[sig-api-machinery] API data in etcd should be stored at the correct location and version for all resources [Serial] [Suite:openshift/conformance/serial] is failing frequently in CI, see: https://sippy.ci.openshift.org/sippy-ng/tests/4.10/analysis?test=%5Bsig-api-machinery%5D%20API%20data%20in%20etcd%20should%20be%20stored%20at%20the%20correct%20location%20and%20version%20for%20all%20resources%20%5BSerial%5D%20%5BSuite%3Aopenshift%2Fconformance%2Fserial%5D TRT is concerned about this test, given: https://search.ci.openshift.org/?search=API+data+in+etcd+should+be+stored+at+the+correct+location+and+version+for+all+resources&maxAge=48h&context=1&type=bug%2Bjunit&name=4.10.*serial&excludeName=&maxMatches=5&maxBytes=20971520&groupBy=job We can see that presently, over the past 40% of failures in periodic-ci-openshift-release-master-ci-4.10-e2e-aws-serial are this failure. The problem appears to *only* be affecting AWS, other platforms pass 100% of the time. The affected AWS jobs are: e2e-aws-serial and e2e-aws-techpreview-serial. A sample job run failing this test today: https://prow.ci.openshift.org/view/gcs/origin-ci-test/logs/periodic-ci-openshift-release-master-ci-4.10-e2e-aws-serial/1443049181332639744 It appears the test started noticibly deteriorating on Sep 27. 40% of our failures is too large to ignore, and would be a big improvement for CI signal if we can get to the bottom of this.
The test fails with fail [github.com/openshift/origin/test/extended/etcd/etcd_storage_path.go:518]: test failed: failed to clean up etcd: &errors.StatusError{ErrStatus:v1.Status{TypeMeta:v1.TypeMeta{Kind:"Status", APIVersion:"v1"}, ListMeta:v1.ListMeta{SelfLink:"", ResourceVersion:"", Continue:"", RemainingItemCount:(*int64)(nil)}, Status:"Failure", Message:"nodes \"node1\" not found", Reason:"NotFound", Details:(*v1.StatusDetails)(0xc0017c0840), Code:404}} i.e. the test is unable to clean up after it runs. When looking at the audit logs, it's visible that the AWS node controller removes the node object: {"kind":"Event","apiVersion":"audit.k8s.io/v1","level":"Metadata","auditID":"84279591-3c64-41df-918d-c5e0a0ed06e3","stage":"ResponseComplete","requestURI":"/api/v1/nodes/node1","verb":"delete","user":{"username":"system:serviceaccount:kube-system:node-controller","uid":"81dd1878-5c8a-402a-8600-0e8d88a253a8","groups":["system:serviceaccounts","system:serviceaccounts:kube-system","system:authenticated"]},"sourceIPs":["10.0.199.142"],"userAgent":"kube-controller-manager/v1.22.1 (linux/amd64) kubernetes/91b30ca/system:serviceaccount:kube-system:node-controller","objectRef":{"resource":"nodes","name":"node1","apiVersion":"v1"},"responseStatus":{"metadata":{},"status":"Success","code":200},"requestReceivedTimestamp":"2021-09-29T04:18:49.289256Z","stageTimestamp":"2021-09-29T04:18:49.310260Z","annotations":{"authorization.k8s.io/decision":"allow","authorization.k8s.io/reason":"RBAC: allowed by ClusterRoleBinding \"system:controller:node-controller\" of ClusterRole \"system:controller:node-controller\" to ServiceAccount \"node-controller/kube-system\""}} This node object is essential for the test to verify proper serialization of the object.

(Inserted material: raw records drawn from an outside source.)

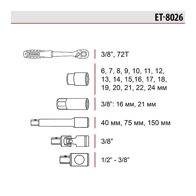 Набор инструмента Intertool - 3/8" 26 ед. Storm
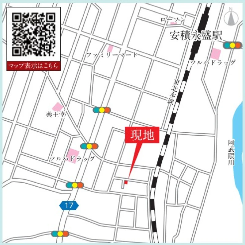 ※地図上の「対象地」は「福島県郡山市安積4丁目 」付近を示しています。実際の場所ではない場合がございます。詳しくはお問い合わせください。
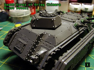 However, being Krieg, I thought I should make a few minor conversions to the Chimeras to reflect the nature of the army they serve in. Yesterday, I posted about the port firing lasgun covers, and today I've got more to show.
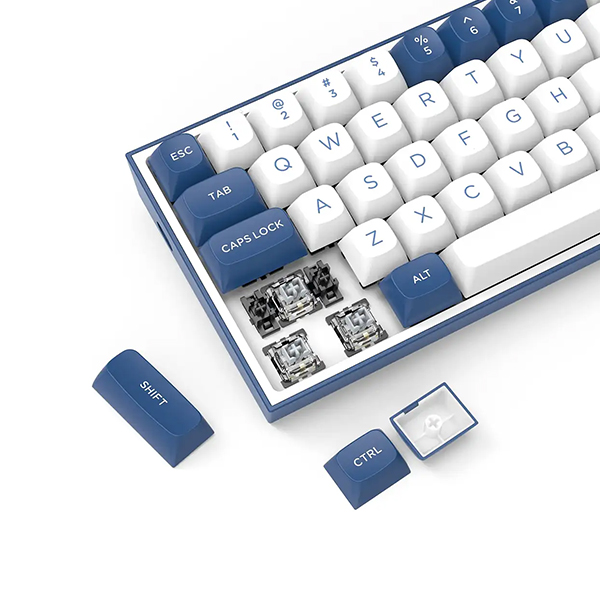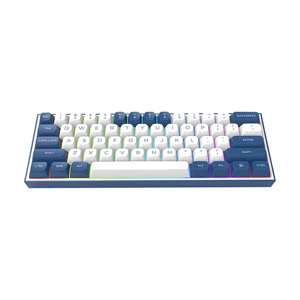 یکی از نقاط قوت مهم این مدل، طراحی 60 درصدی آن است که با حذف کلیدهای نامپد و F، فضای بسیار زیادی را برای حرکت آزاد ماوس فراهم میکند. این طراحی فشرده، همراه با بدنهای با ترکیب رنگ سفید و آبی شیک، جلوهای مدرن و مینیمال به میز گیمینگ شما میبخشد. نورپردازی RGB پویا نیز زیبایی بصری دستگاه را تکمیل میکند.
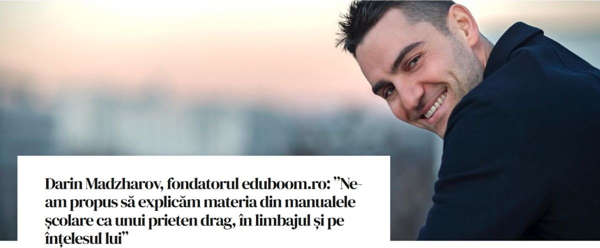 Eduboom nu este o simplă invenție tehnologică, ci rezultatul unei nevoi reale observate în educație. Povestea a început în 2011, în Bulgaria, unde Darin Madzharov, un tânăr doctorand în Belgia, încerca să-și ajute sora mai mică la teme. Pentru că întrebările ei se repetau, el a început să realizeze mici explicații video, folosind instrumente simple, precum Paint. Sora lui le-a arătat colegilor, iar reacțiile pozitive au fost imediate. Cererea a crescut, iar Darin a decis să renunțe la doctorat pentru a fonda Eduboom. Lecțiile create de el „ca pentru un prieten drag”, după cum povestește, s-au transformat într-o platformă folosită astăzi în peste 80% dintre școlile bulgare.
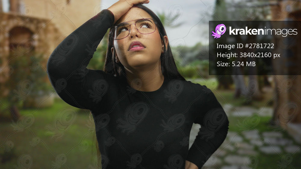 Woman expressing confusion outdoors with glasses surrounded by greenery and rustic architecture.

The node controller does the delete for unknown nodes, compare k8s.io/cloud-provider/controllers/nodelifecycle: klog.V(2).Infof("deleting node since it is no longer present in cloud provider: %s", node.Name) Maybe one can delay that by setting the node to ready. Then at least the node is kept until it is set not ready. This might be enough for it to survive long enough.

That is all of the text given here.